Use type hints in function signatures when possible. They will be automatically included in the documentation:

from typing import Optional, Union
import numpy as np

def process_data(
    data: np.ndarray,
    threshold: float = 0.5,
    mode: Optional[str] = None
) -> np.ndarray:
    """
    Process input data array.

    Parameters
    ----------
    data : np.ndarray
        Input data array
    threshold : float, optional
        Threshold value (default: 0.5)
    mode : str, optional
        Processing mode. If None, uses default mode.

    Returns
    -------
    np.ndarray
        Processed data
    """
    pass

Class Documentation#

Classes should have a docstring describing the class, plus docstrings for __init__ and all public methods:

class DataProcessor:
    """
    Process and analyze data from experiments.

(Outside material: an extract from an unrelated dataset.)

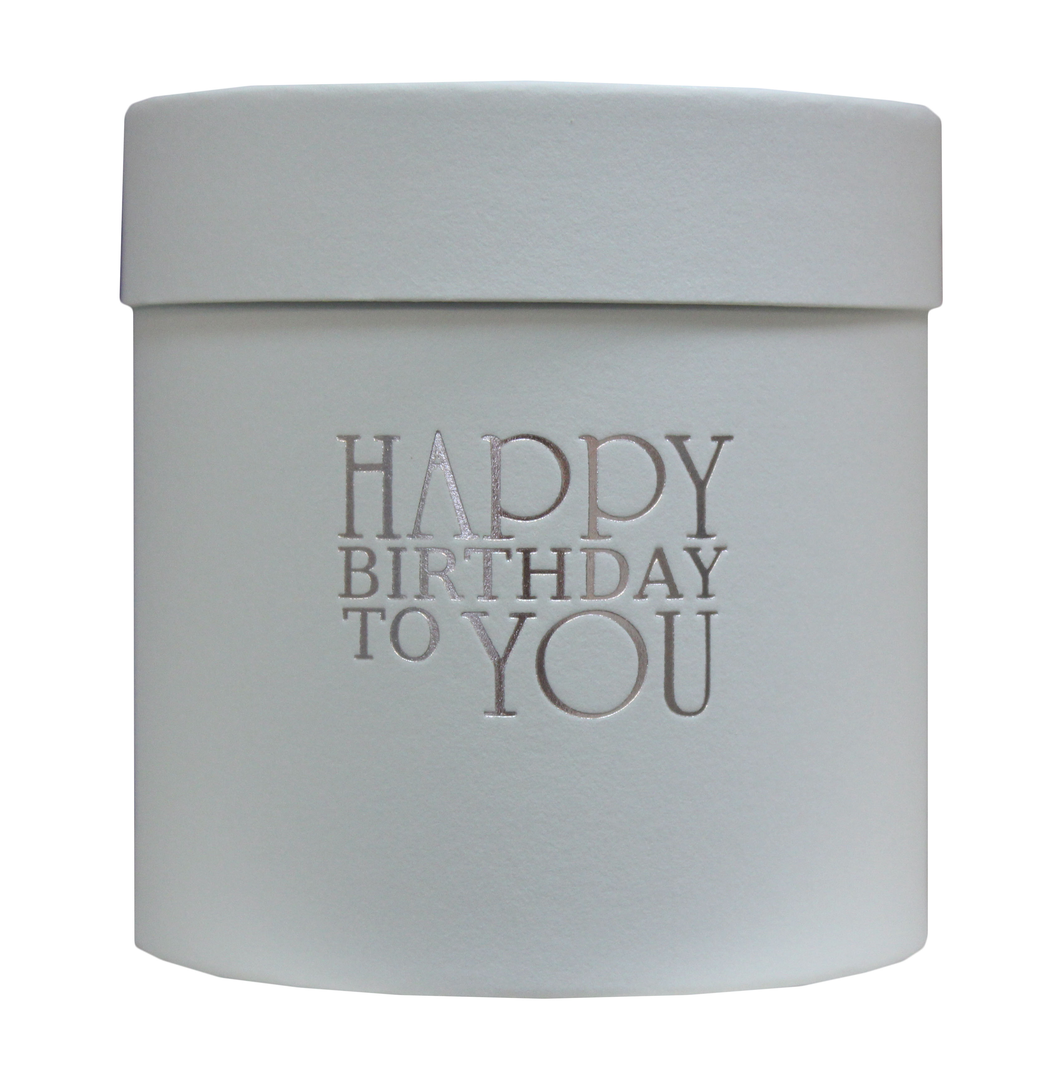 Коробка круглая (шляпная) с тиснением "Happy birthday" золото/серебро 140*140 мм, дизайн 10

    This class provides methods for loading, processing, and analyzing
    experimental data. It handles various data formats and provides
    utilities for common operations.

    Parameters
    ----------
    config : dict
        Configuration dictionary
    verbose : bool, optional
        Enable verbose output (default: False)

    Attributes
    ----------
    data : np.ndarray
        Currently loaded data
    metadata : dict
        Metadata for current data

    Examples
    --------
    >>> processor = DataProcessor({'mode': 'fast'})
    >>> processor.load_data('file.npy')
    >>> result = processor.process()
    """

    def __init__(self, config, verbose=False):
        self.config = config
        self.verbose = verbose
        self.data = None
        self.metadata = {}

    def load_data(self, filename):
        """
        Load data from file.

        Parameters
        ----------
        filename : str
            Path to data file

        Returns
        -------
        bool
            True if loading was successful
        """
        pass

Module Documentation#

Each module should have a docstring at the top describing its purpose:

"""
Atmospheric turbulence modeling

This module provides tools for modeling atmospheric turbulence in
adaptive optics systems. It includes functions for computing
von Karman power spectral densities, generating phase screens,
and analyzing turbulence profiles.

Main classes:

* VonKarmanPsd - von Karman PSD calculator
* PhaseScreenGenerator - turbulent phase screen generation
* Cn2Profile - atmospheric Cn2 profile representation

Examples
--------
>>> from arte.atmo import VonKarmanPsd
>>> psd = VonKarmanPsd(r0=0.15, L0=25)
>>> spectrum = psd.spatial_psd(freq_vector)
"""

import numpy as np
# ... rest of module

Adding New Modules to Documentation#

When adding a new module, create a corresponding .rst file in docs/:

  1. Create docs/mymodule.rst

  2. Add it to the toctree in docs/index.rst

  3. Use this template:

My Module (`arte.mymodule`)
===========================

Introduction
------------

Brief description of what this module does.

Submodules
----------

submodule1 module
-----------------

.. automodule:: arte.mymodule.submodule1
   :members:
   :undoc-members:
   :show-inheritance:

Testing Documentation#

Always test documentation builds locally before pushing:

cd docs
make clean
make html

Fix any errors or warnings that appear. View the result in your browser:

open _build/html/index.html

Jupyter Notebooks as Tutorials#

Tutorials should be Jupyter notebooks placed in docs/notebook/.

They will be automatically rendered in the documentation via nbsphinx.

Requirements for tutorial notebooks:

  • Clear title and introduction

  • Executable cells (should run without errors)

  • Narrative text explaining what’s happening

  • Clean output (run all cells before committing)

  • Minimal dependencies

Add notebooks to docs/tutorial.rst to include them in the documentation.